Importantly, all of our neural networks rely on a feed-forward architecture with two layers. The hidden and output layers comprise two sigmoid neurons and two softmax neurons, respectively. Importantly, the hyperparameters in the models were manually tuned using a trial-and-error approach, where the outcomes of each trial were analyzed and used to iteratively refine the hyperparameters in order to maximize model performance. While this method has proven effective in identifying optimal configurations, it can also be time-consuming^38–40^. Cross-entropy was selected as the training cost^41–43^, and the scaled conjugate gradient back-propagation method was used as optimizer^44,45^.
Methodology
Similar techniques employing machine learning tools have been utilized to facilitate the monitoring of high-risk COVID-19 patients. Chenxi Sun^46^ offers a model employing a time-aware long short-term memory (T-LSTM) neural network, utilizing a database of patient blood samples gathered over a 5-week duration. The database comprises 80 features, of which 40 are biomarkers, including Lymph, LDH, hs-CRP, Indirect Bilirubin, and Creatinine. Mohammad M. Banoei^47^ employs a mortality prediction model for high-risk patients utilizing a statistically inspired modification of the partial least squares (SIMPLS) model, applied to a dataset of 250 parameters related to patients’ demographics, clinical factors, and comorbidities.
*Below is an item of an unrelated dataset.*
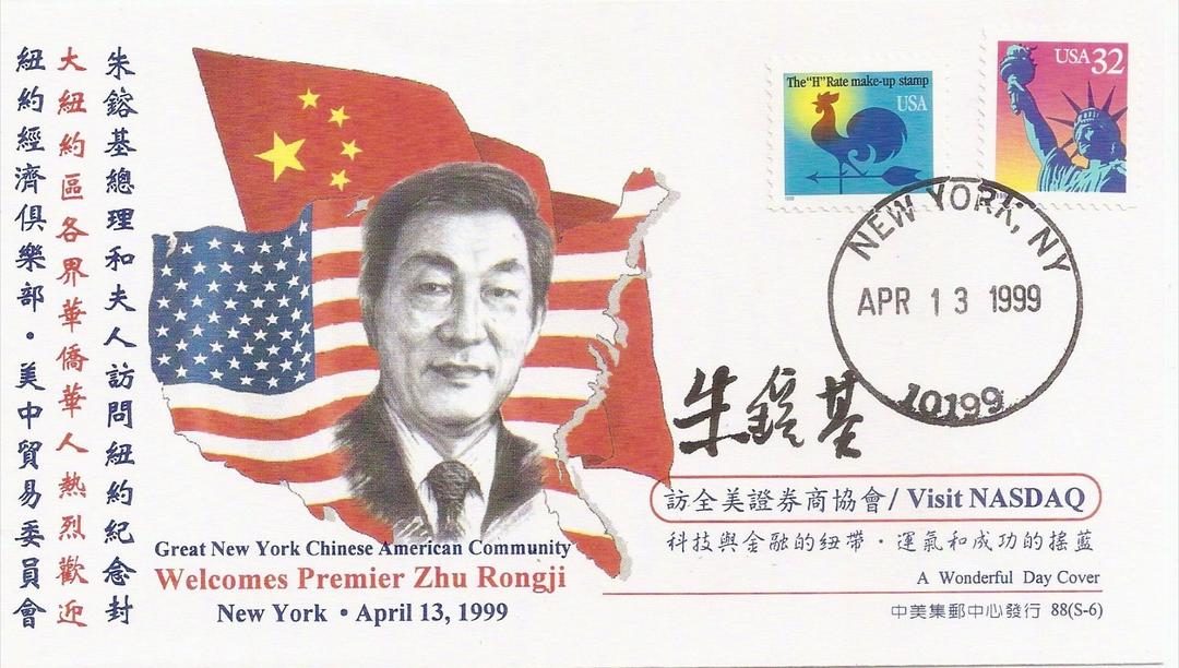 (6)➤4月13日,在纽约纳斯达克股票交易所 (NASDAQ) 进行按钮仪式。出席由纽约经济俱乐部主席威廉. 麦克多诺 (William J. McDonough, The Economic Club of New York) 和美中贸易协会举办的欢迎宴会,规模盛大,有1,500人参加,主办单位对朱总理说,有位中国女记者建议这天叫做“Wonderful day”; 此封也幽默风趣称为 A Wonderful Day Cover. (序号 88. S-6)。

Jun Wang^48^ utilizes a model based on a 3D convolutional neural network to forecast the recovery duration of COVID-19 patients. The model is supplied with a database including 2,530 patient records that include computed tomography scans, treatment plans, clinical factors, sociodemographic information, and patient symptoms. The referenced approaches are significantly reliant on the resources accessible for the specific study region and their inherent characteristics, complicating direct comparisons among them.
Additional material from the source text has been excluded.